Extracted data –
......

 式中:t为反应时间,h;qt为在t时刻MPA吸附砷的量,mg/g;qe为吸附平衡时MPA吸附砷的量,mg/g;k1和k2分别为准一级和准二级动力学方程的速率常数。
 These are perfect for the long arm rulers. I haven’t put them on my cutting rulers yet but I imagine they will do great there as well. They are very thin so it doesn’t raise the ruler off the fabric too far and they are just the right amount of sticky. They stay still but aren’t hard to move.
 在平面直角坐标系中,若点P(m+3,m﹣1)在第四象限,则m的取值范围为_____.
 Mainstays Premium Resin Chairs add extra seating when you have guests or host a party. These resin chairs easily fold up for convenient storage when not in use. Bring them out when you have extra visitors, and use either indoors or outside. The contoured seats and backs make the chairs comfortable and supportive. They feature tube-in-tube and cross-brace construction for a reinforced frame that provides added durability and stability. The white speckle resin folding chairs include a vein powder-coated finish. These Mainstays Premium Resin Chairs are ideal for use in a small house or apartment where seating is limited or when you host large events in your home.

......

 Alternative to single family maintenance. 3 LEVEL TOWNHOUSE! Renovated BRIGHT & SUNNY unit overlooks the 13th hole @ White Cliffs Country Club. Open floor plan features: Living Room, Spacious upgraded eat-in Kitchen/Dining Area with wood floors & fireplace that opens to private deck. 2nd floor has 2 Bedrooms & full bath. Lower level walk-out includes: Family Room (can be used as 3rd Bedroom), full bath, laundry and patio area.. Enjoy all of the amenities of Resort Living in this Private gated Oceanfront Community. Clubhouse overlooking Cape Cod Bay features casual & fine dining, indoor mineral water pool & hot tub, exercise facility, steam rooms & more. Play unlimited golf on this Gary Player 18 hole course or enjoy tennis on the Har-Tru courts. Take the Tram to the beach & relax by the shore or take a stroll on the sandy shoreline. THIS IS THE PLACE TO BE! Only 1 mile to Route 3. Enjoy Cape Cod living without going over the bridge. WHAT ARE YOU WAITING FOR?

......

Exercise requirements –
Write out exactly the lines above from the line with "式中:t为反应时间,h;qt" through the line with "Mainstays Premium Resin Chairs add", both of them included, and leave out all other lines.

Written answer –
 式中:t为反应时间,h;qt为在t时刻MPA吸附砷的量,mg/g;qe为吸附平衡时MPA吸附砷的量,mg/g;k1和k2分别为准一级和准二级动力学方程的速率常数。
 These are perfect for the long arm rulers. I haven’t put them on my cutting rulers yet but I imagine they will do great there as well. They are very thin so it doesn’t raise the ruler off the fabric too far and they are just the right amount of sticky. They stay still but aren’t hard to move.
 在平面直角坐标系中,若点P(m+3,m﹣1)在第四象限,则m的取值范围为_____.
 Mainstays Premium Resin Chairs add extra seating when you have guests or host a party. These resin chairs easily fold up for convenient storage when not in use. Bring them out when you have extra visitors, and use either indoors or outside. The contoured seats and backs make the chairs comfortable and supportive. They feature tube-in-tube and cross-brace construction for a reinforced frame that provides added durability and stability. The white speckle resin folding chairs include a vein powder-coated finish. These Mainstays Premium Resin Chairs are ideal for use in a small house or apartment where seating is limited or when you host large events in your home.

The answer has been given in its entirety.